Three public appearances for the Olympic torch, three nasty protests. Get used to it, get ready for more and, almost certainly, get ready for worse.

There is no chance that the path from here to Beijing in August will be a tranquil one.

For those who have made a free Tibet their cause, this is a unique, historic opportunity. They'll never have the planet's attention like this again. For anyone else among the legions who have a grievance with the government of China, now is the moment to grab the spotlight.

And since the Chinese response when challenged tends to be light on public-relations niceties, light on hand-holding diplomacy and heavy on defiance and force — consider that the first volley in Canada was to summon reporters to an audience with China's ambassador to Canada so he could call the Dalai Lama a liar — the stage is set for a moment of reckoning about what the modern Olympic Games are really about.

Canadians had best be prepared with an answer, because we're going to need one.

So far, polling suggests that most public sentiment is on the side of proceeding with Olympic business as usual, and though a few foreign leaders have begun to express unease, most are still pledging to show up for the opening ceremony and reject any suggestion of a boycott. (Our own Prime Minister says he isn't going to make it to the Games, but won't say why, and won't own up to being party to a protest — thus for the moment having it both ways.)

Understandably, the vast majority of athletes, much of whose young lives have focused on getting to these Games, don't want anything to interfere with their dreams.

They point out that past walkouts didn't accomplish much in the grand scheme of things — and they're almost 100-per-cent right about that, as could be said about most demonstrations and most issues.

But what they can't argue credibly is the notion that the Olympics themselves are apolitical, that this is about sports, period. That won't be true until they take down the flags, stop playing the anthems, stop the spectacle from being used as a grand propaganda exercise — and, as a result, governments stop paying the tab.

The masters of the Olympic empire are also trying to play the purity/futility card, most recently in the form of Dick Pound (who in a previous incarnation as International Olympic Committee vice-president sat dutifully by as, among other things, his boss, Juan Antonio Samaranch, refused again and again to acknowledge the families of the victims of the Munich massacre).

Like the athletes, the IOC and its corporate sponsors have a whole lot to lose here.

They decided to lie down with the Chinese government (not the first time they've cut that kind of bargain) in the interests of global harmony, greater understanding — and, especially, commerce — so can't exactly turn away in horror now.
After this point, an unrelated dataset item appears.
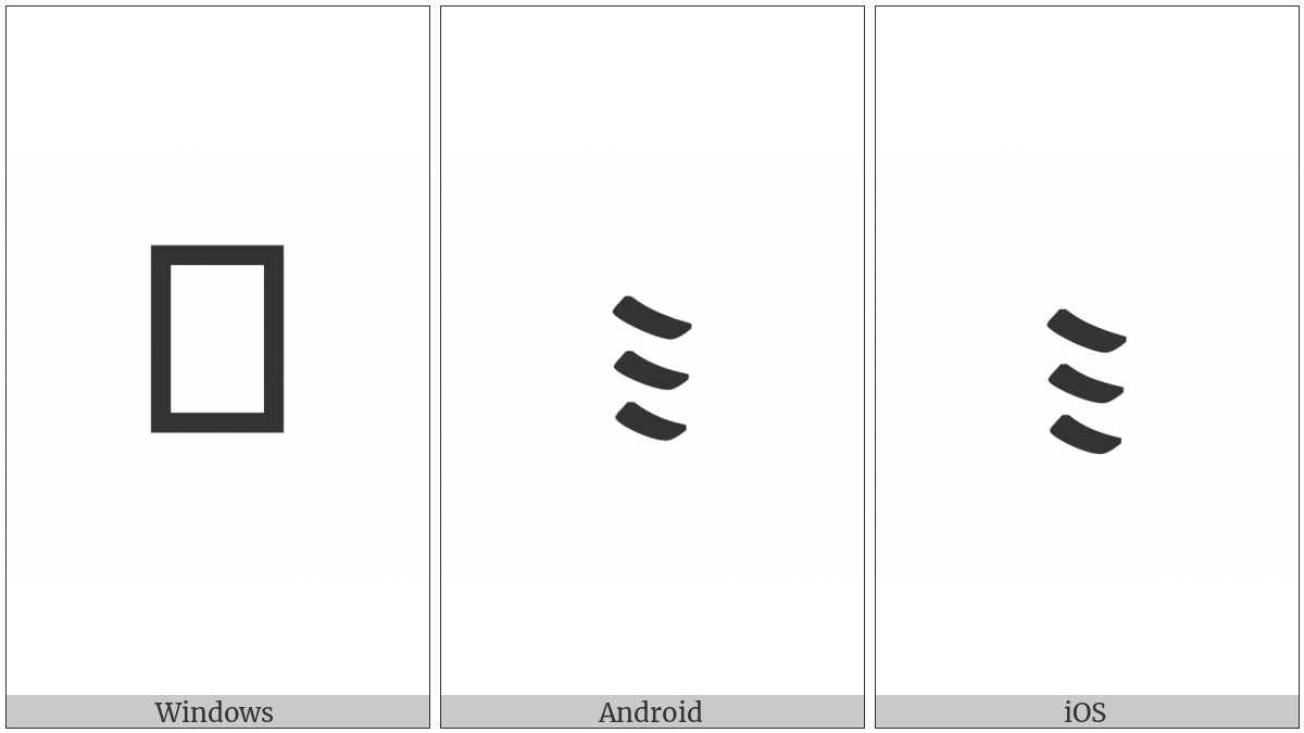 The image below shows how the “Bhaiksuki Gap Filler-1” symbol might look like on different operating systems. If the font in which this web site is displayed does not contain the symbol and there is no fallback font able to render it, you can use the image below to get an idea of what it should look like.
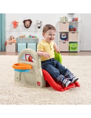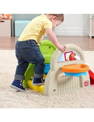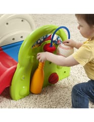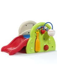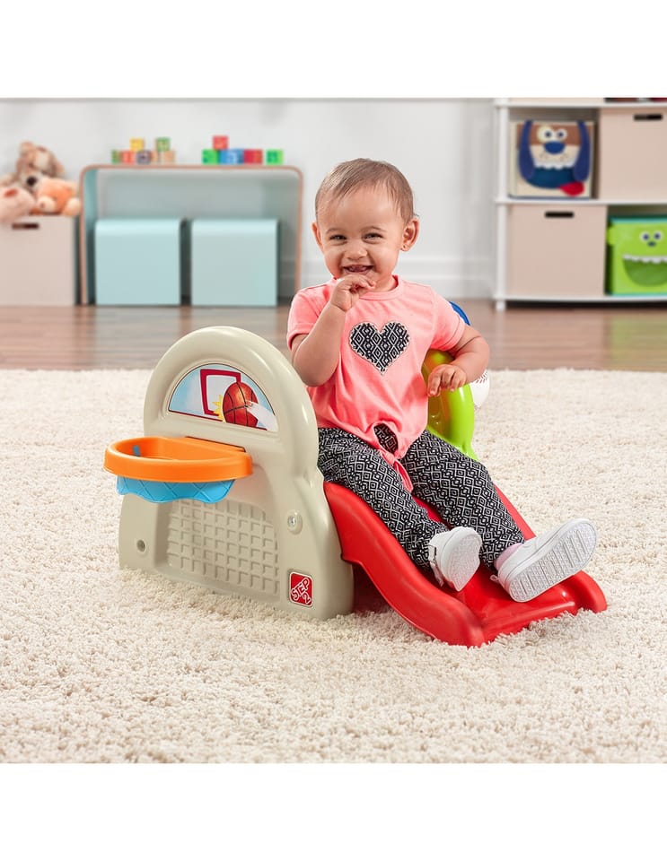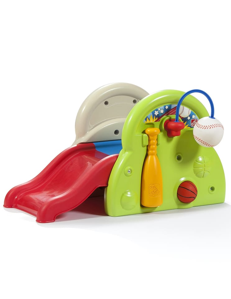 Plac zabaw od firmy STEP2 ma wiele sposobów na zabawę. W tym wciągającym centrum aktywności dla małych dzieci jest głównie tematyka sportowa. Dzieci mogą ćwiczyć równowagę i motorykę, wspinając się po bardzo szerokim stopniu i zjeżdżając na zjeżdżalni po drugiej stronie. Jest także piłka oraz obręcz do koszykówki co pozwala maluchowi wrzucać do celu. Dodatkowo można użyć dołączonego kija, aby uderzać w uwiązaną piłkę baseballową! Dzięki tej zabawce sportowej, zaprojektowanej specjalnie dla najmłodszych, Twój mały robaczek będzie skakał do domu, wślizgiwał się do bazy i robił niesamowite wsady do kosza podczas zabawy. Gdy zabawa się skończy, użyj wbudowanego schowka, aby schować piłkę do koszykówki i wciśnij kijek na zewnętrznej ścianie centrum aktywności, aby wszystko było blisko na następny dzień zabawy.

Both argue that no country is in position to cast the first stone, that over the expanse of history we all have committed our unpardonable sins. True enough.

Here, organizers of the 2010 Vancouver/Whistler Games and the Canadian Olympic Committee have to be particularly concerned that if we do anything to spoil China's party, they might be motivated to recall some of our less proud moments as a rationale for dampening festivities two years hence.

So we have to go. We have to compete. We have to march in the big parade. We have to stand up for the Olympic "ideals" no matter what might be happening in the outside, imperfect world.

But here's the problem. Let's say for the sake of argument that a hundred people have perished so far in the Tibetan protests and their aftermath.

What if, as August approaches, that's up to 200 or 500 or 1,000? What's the magic number of dead Tibetans and Chinese civilians that might make us reconsider?

What if China cracks down harder on dissidents, announces that it will restrict what foreign reporters can do or see during the Games, makes it clear that the approach of the Olympics has caused it to harden, rather than soften, state attitudes toward free speech and human rights?

Are we still going then? Is it still just about sports? Are we willing to march into that stadium as proud, smiling Canadians, giving their blessing, playing their role, either oblivious or complicit?

Are we willing to be used as extras in a new Leni Riefenstahl production?